ACTIVITY: Could you set down exactly the lines of the data below, starting at the one that holds "Főzés a várkertben" and ending at the one that holds "szegedi Dugonics András", both included, and only those?

DATASET RECORDS:
--

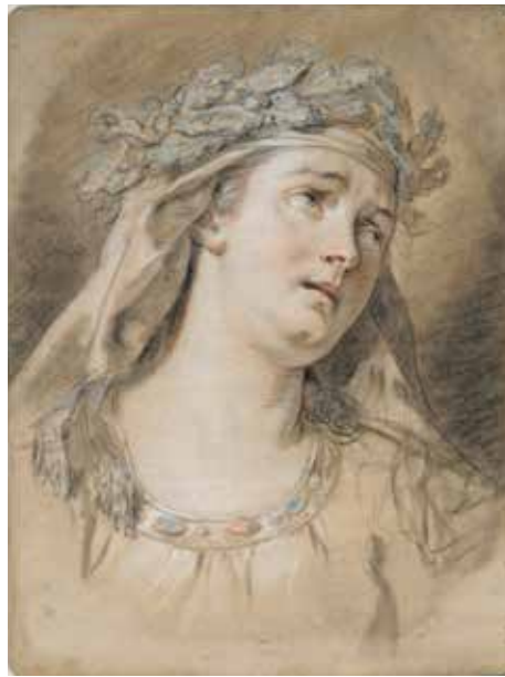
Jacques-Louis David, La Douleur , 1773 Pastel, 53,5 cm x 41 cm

--

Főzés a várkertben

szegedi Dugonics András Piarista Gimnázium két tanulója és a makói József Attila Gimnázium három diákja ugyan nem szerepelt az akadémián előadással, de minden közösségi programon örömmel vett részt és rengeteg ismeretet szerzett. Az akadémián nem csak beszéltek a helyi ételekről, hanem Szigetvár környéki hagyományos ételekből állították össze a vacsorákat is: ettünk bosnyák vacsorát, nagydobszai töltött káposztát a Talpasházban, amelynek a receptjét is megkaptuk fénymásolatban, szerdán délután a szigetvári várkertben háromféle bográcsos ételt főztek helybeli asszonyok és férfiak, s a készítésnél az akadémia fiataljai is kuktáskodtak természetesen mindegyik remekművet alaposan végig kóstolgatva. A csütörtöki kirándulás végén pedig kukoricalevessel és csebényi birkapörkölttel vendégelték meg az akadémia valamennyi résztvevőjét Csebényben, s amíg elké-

--

ANSWER SECTION:
Főzés a várkertben

szegedi Dugonics András Piarista Gimnázium két tanulója és a makói József Attila Gimnázium három diákja ugyan nem szerepelt az akadémián előadással, de minden közösségi programon örömmel vett részt és rengeteg ismeretet szerzett. Az akadémián nem csak beszéltek a helyi ételekről, hanem Szigetvár környéki hagyományos ételekből állították össze a vacsorákat is: ettünk bosnyák vacsorát, nagydobszai töltött káposztát a Talpasházban, amelynek a receptjét is megkaptuk fénymásolatban, szerdán délután a szigetvári várkertben háromféle bográcsos ételt főztek helybeli asszonyok és férfiak, s a készítésnél az akadémia fiataljai is kuktáskodtak természetesen mindegyik remekművet alaposan végig kóstolgatva. A csütörtöki kirándulás végén pedig kukoricalevessel és csebényi birkapörkölttel vendégelték meg az akadémia valamennyi résztvevőjét Csebényben, s amíg elké-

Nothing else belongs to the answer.